Acceptance: Neither person feels the need to change the other or to change themselves in fundamental ways. Oh yes, minor changes always occur when people accommodate each other to live together. But neither member of the couple thinks to him or herself, “Well — with time, I’ll get him or her to change who they are.”

Appreciation of differences: Both understand that they don’t need to be entirely the same to be close. In fact, part of the delight of relationships is the discovery of differences and appreciation for each other’s uniqueness. Learning about each other’s points of view is seen as an opportunity to expand their worlds.

Safety: True intimacy happens when both people feel safe enough to be vulnerable. There is support for each other’s weaknesses and celebration of each other’s strengths. The couple has agreed on a definition of fidelity and both feel secure that the other will not violate that understanding.

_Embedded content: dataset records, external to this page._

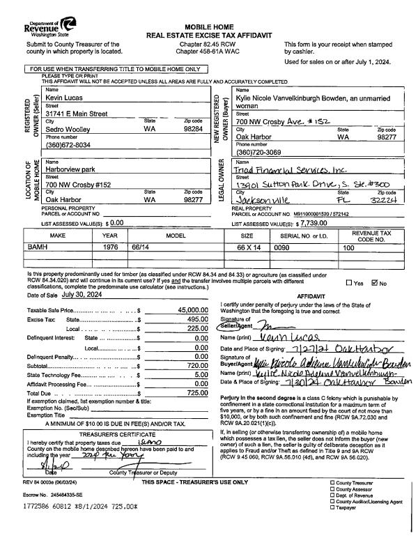 | 1 | 07/30/2024 | MANHOME | Manufactured Home | LUCAS, KEVIN | VANVELKINBURGH BOWDEN, KYLIE NICOLE | | | $45,000.00 | 60812 | |
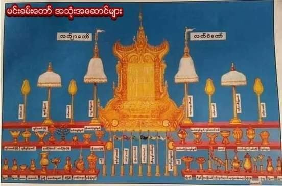 ** မြေနန်းတော်မှာ ဘုရင် ညီလာခံရင် ပလ္လင်တဘက် တချက်က အစီအရီထားတဲ့ ကွမ်းလောင်း၊ ကွမ်းခွက်၊ ကွမ်းချပ်၊ စလင့်ကြာ၊ ထွေးခံ၊ ရွှေဖလား၊ တကောင်း၊ မြူတာ၊ကျပ်လျား၊အိုးပြစ်၊ပြတို့၊ဒေါင်းပေါင်၊မကန်းကရား၊ မုနောလင်ပန်း၊ သလင်းမြောင်၊ ရတနာပန်းတောင်း၊ ခြေနင်း၊ ဖိနပ်၊ သားမြီးယပ်၊ သန်လျက်၊ တောင်ဝှေး၊ မေးထောက် စတဲ့ ရှေးမင်းအသုံးအဆောင် ပစ္စည်းတွေ ဖြစ်ပြီး ဘုရင် သွားလေရာကို ယူသွားရတယ် လို့လည်း ဆိုပါတယ်။ဒီခွက်တွေ အုပ်တွေကို ရွှေနဲ့ ကျောက်မျက် ရတနာတွေစီချယ်ထားပြီး လက်ဝဲလက်ယာ ၃၅ မျိုးထိ ရှိတာပါ။ **
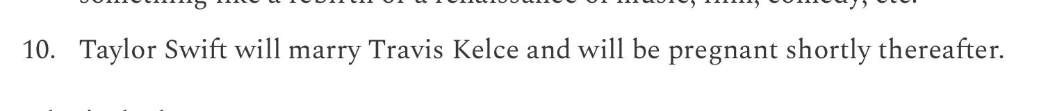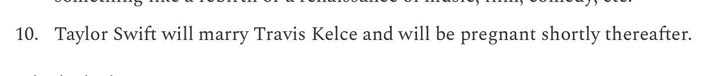 I’ve written about Taylor Swift a few times. Once, out of worry over her stance on transgender ideology and her influence on young girls. And again, about her romance with Travis Kelce one year ago today. I also predicted this in my predictions for 2025:

Compassionate problem-solving: Elephants don’t come to stay in the middle of the “room” of the relationship. Issues are confronted by both people with love, compassion and a willingness to engage with whatever problems have come up. The two work to be on the same team, solving a problem, rather than on different teams competing with each other.

Emotional connection: Intimacy grows when people stay emotionally connected, even when there are problems to solve. It doesn’t require that either person walk on eggshells or withhold what they really think in order to stay connected.

How to Nurture Intimacy:

Choose wisely: The first rule for having an intimate relationship is to choose wisely in the first place. If being in the relationship with your boyfriend/girlfriend requires that you give up who you really are, that you always accommodate, or that you make fundamental changes to be acceptable, this person is not for you. Even more telling is if your partner regularly accuses, blames or harasses you or requires that you not stay close to other friends. Cut your losses. Get out. Make yourself available for someone who will honor and cherish you and support you for who you are.

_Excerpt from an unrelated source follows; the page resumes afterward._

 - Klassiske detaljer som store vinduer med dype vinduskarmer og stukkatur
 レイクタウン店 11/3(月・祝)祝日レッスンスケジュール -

Show yourselves: As a new relationship grows, gradually show yourselves to each other – both the most attractive and the not so attractive features of who you are. Be willing to expose your core beliefs, values and ideas to discover the other’s reactions. Opposites may initially attract but they are also often the seeds of dissatisfaction as a relationship evolves over time. Explore your differences and decide if they are interesting and exciting or deal breakers. Make sure that your differences don’t violate core values for either person.

Draw a circle: Intimacy requires that your relationship with each other is somehow different from your relationships with everyone else. Many couples draw the boundary around their sexual exclusivity. Others define their intimacy in different ways. Whatever your decision about fidelity, there needs to be something you both agree is the core of what makes your relationship special, precious, and unique from all others. Both agree that boundary is so important that violating it would shake the very foundation of your couple-ness.

Develop emotional mindfulness: Emotions aren’t good or bad. But how we express them can either enhance or damage intimacy. It’s inevitable that each of you will feel anger, hurt or disappointment at times, perhaps even many times. Intimacy requires learning ways to express those feelings that are neither intimidating nor distancing. Work together to discover ways to calm intense feelings instead of getting caught up in them. Agree to work on finding and addressing the root of problems instead of exploding or withdrawing.

Embrace conflict: Yes, embrace it. Ignoring conflict rarely works as a means to intimacy. Whatever the conflict was about just goes underground, festers, and eventually comes out in unattractive and often hostile ways. Conflict is a signal that there is a problem that needs to be solved. Intimacy requires facing problems with courage and with the faith that the relationship is more important than whatever crisis is going on in the moment.

Be the person you want your partner to be: It’s easy to want someone else to be understanding, compassionate, faithful, giving and generous. It’s not so easy to do it. Intimacy requires that we do our very best to be someone worth being intimate with. It’s not necessary to be perfect at it. It is necessary to do our best and to be open to feedback when we miss the mark.